Want to peruse all that's available? The Internet Sleuth links to hundreds of searchable databases, from the standard engines to Usenet searchers, plus extensive categorized topics (http://www.isleuth.com). Also, Wired Source offers descriptions of several engines and allows you to search them from one page (http://www.wiredsource.com/wiredsource)

Get to Know Your Sources
 
But just because you know how to navigate Yahoo like a pro doesn't mean you know how to use all the other Web catalogs and search engines. When approaching a new search site, take the time to study any instructions and FAQs to find out what kind of search strings it accepts. Minutes spent in the beginning will save you hours of searching in the future.

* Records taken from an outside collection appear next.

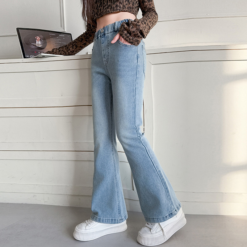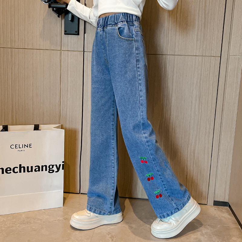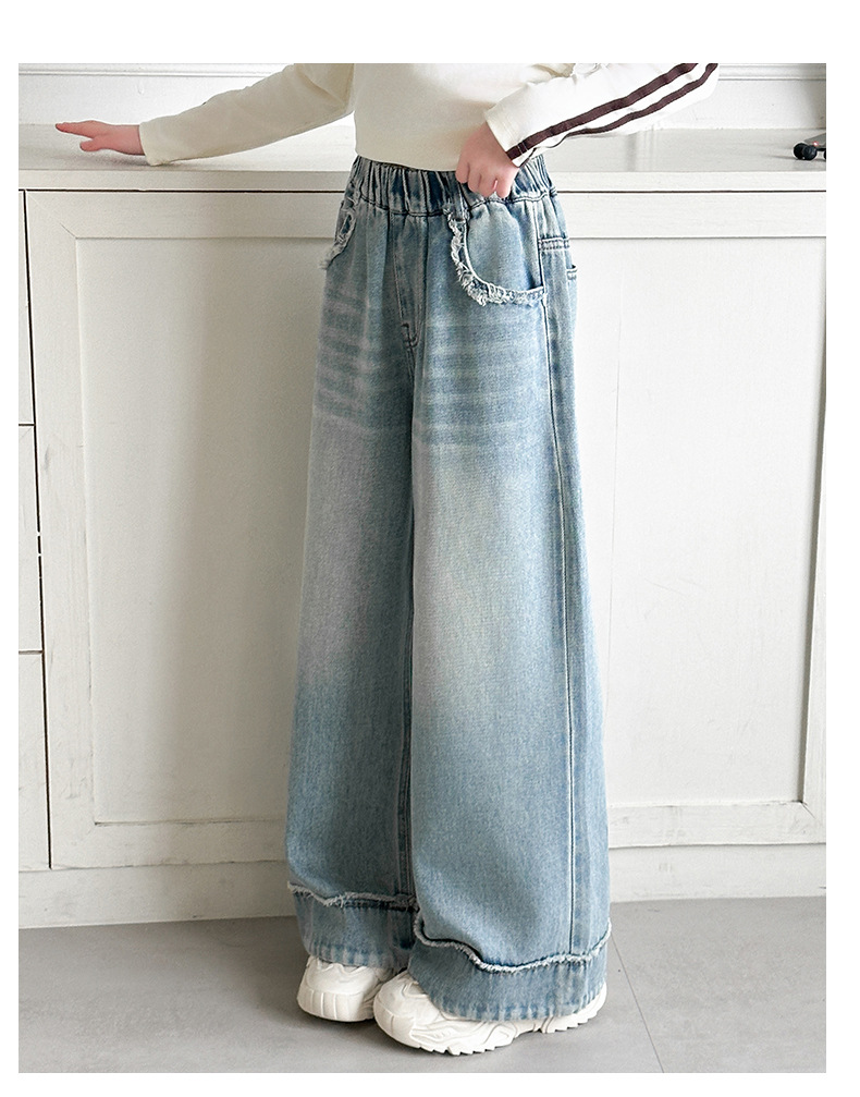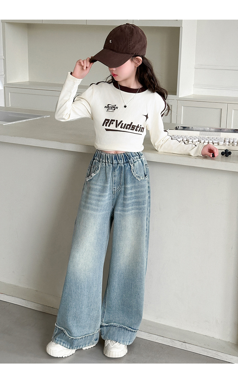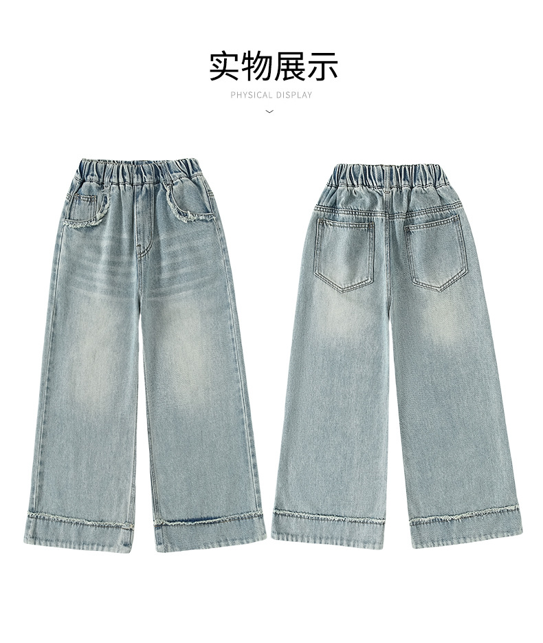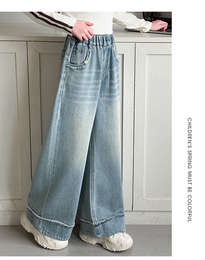 어린이 착용 소녀 스트레이트 다리 바지 어린이 넓은 다리 바지 2025 봄과 가을 새 스타일 데님 바지 중 · 대형 어린이와 소녀 용 바지스토어 가기
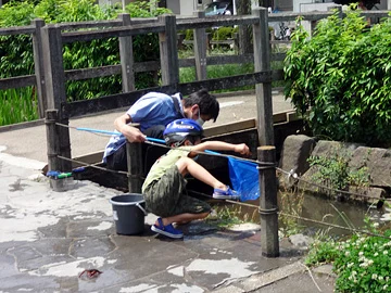 À la fin du dernier billet, nous étions arrivés au parc hydrophile 曳舟川親水公園 , sur les lieux de la deuxième estampe. Ce jour-là (le 7 juin 2020), un petit garçon y pêchait des écrevisses (ザリガニ) avec son papa.
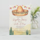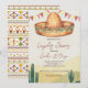 Mexikansk fiesta par duschinbjudan. Sombrero hat, firande flaggor, ökenbakgrund, modernt skript.
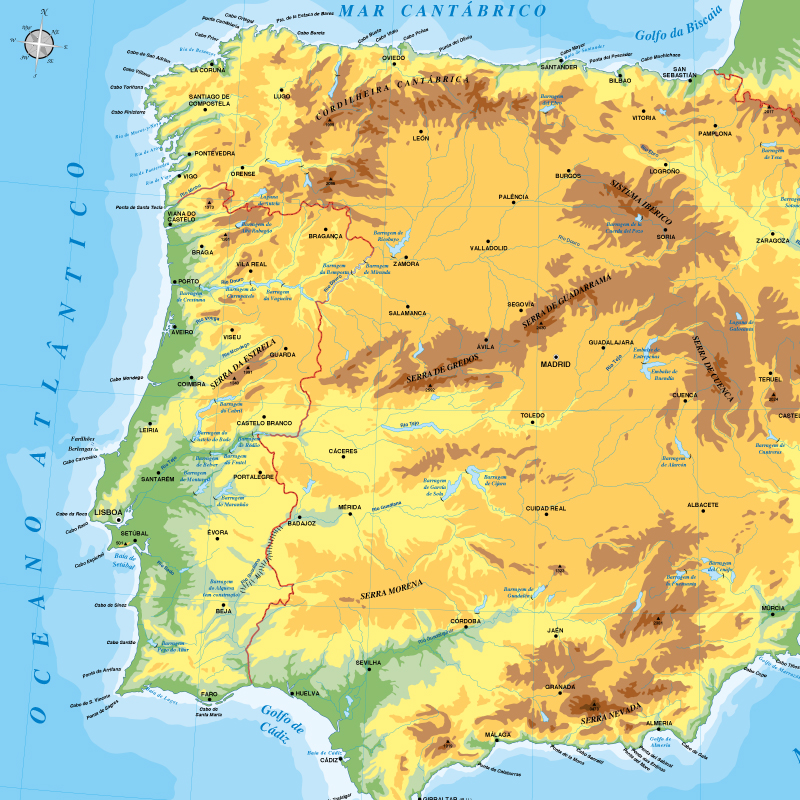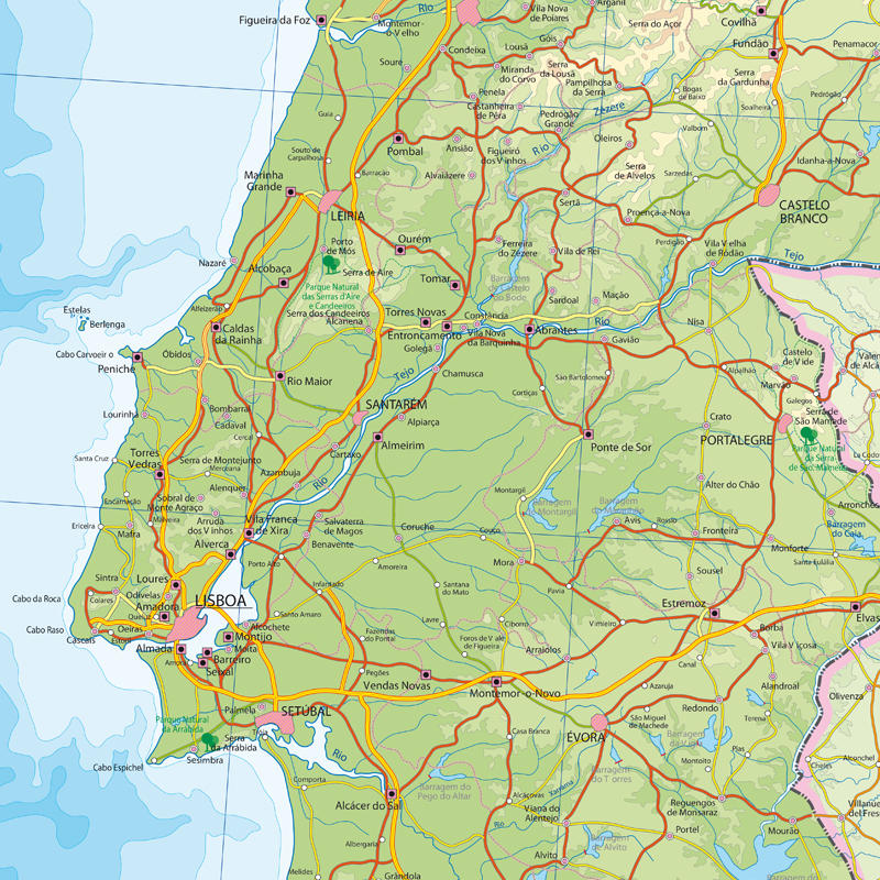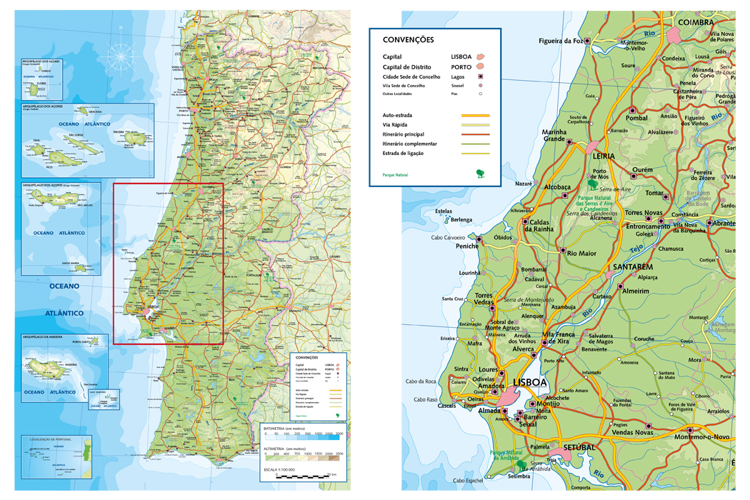 Mapa de Portugal com os seguintes níveis de informação: batimetria, altimetria, cidades, capitais de distrito, estradas principais, parques nacionais e outros.

In particular, you want to note which search method is the default for the system and whether you have any options in how the engine presents its results to you. For instance, it's better to rank successful searches by their relevance to your keywords than by the date the page was updated or indexed.

Know Your Subject
 
Understand exactly what it is that you're looking for. If you start out with an ill-defined query, you're sure to end up with an excess of unwanted information. You can always learn as you go, and sometimes that's the only option; but things will go far more smoothly when you already know the terminology of your target subject. For example, in looking for information about Ethernet, you'll fare better if you know that the two main varieties are 10-Mbps and 100-Mbps Ethernet.

Expect Limitations
 
No Web search tool is perfect in terms of accuracy or comprehensiveness. Many people, at least at first, believe that search engines enable them to find the most recent available information on the subject du jour. Nothing could be further from the truth. Catalogs, because they require intelligent intervention to fit sites into their matrix, are always months behind. Even when a Webmaster makes a point of submitting a site to a catalog, it can take months before the site appears. In my own case, my company's site took four months from the date of my initial request to appear in Yahoo.

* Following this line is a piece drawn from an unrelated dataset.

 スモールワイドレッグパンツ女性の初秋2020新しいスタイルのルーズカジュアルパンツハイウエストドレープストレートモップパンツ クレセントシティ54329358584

Search engines are more up to date, but even they take months to sweep the Internet for new material. By the time they've completed one sweep, Web content has already changed significantly. Even the best search engines can give you only a fragmentary view of the endlessly evolving Web.

Some dynamic sites, by their very nature, are impossible to index correctly. News sites such as CNN and daily updated corporate sites are some examples. The bottom line is that no search engine can find very recent material.

Cut Through Data Overload
 
Keep in mind that search sites are not in any way comprehensive maps of the Net. The World Wide Web is simply too vast for even the most advanced search engine to cover adequately.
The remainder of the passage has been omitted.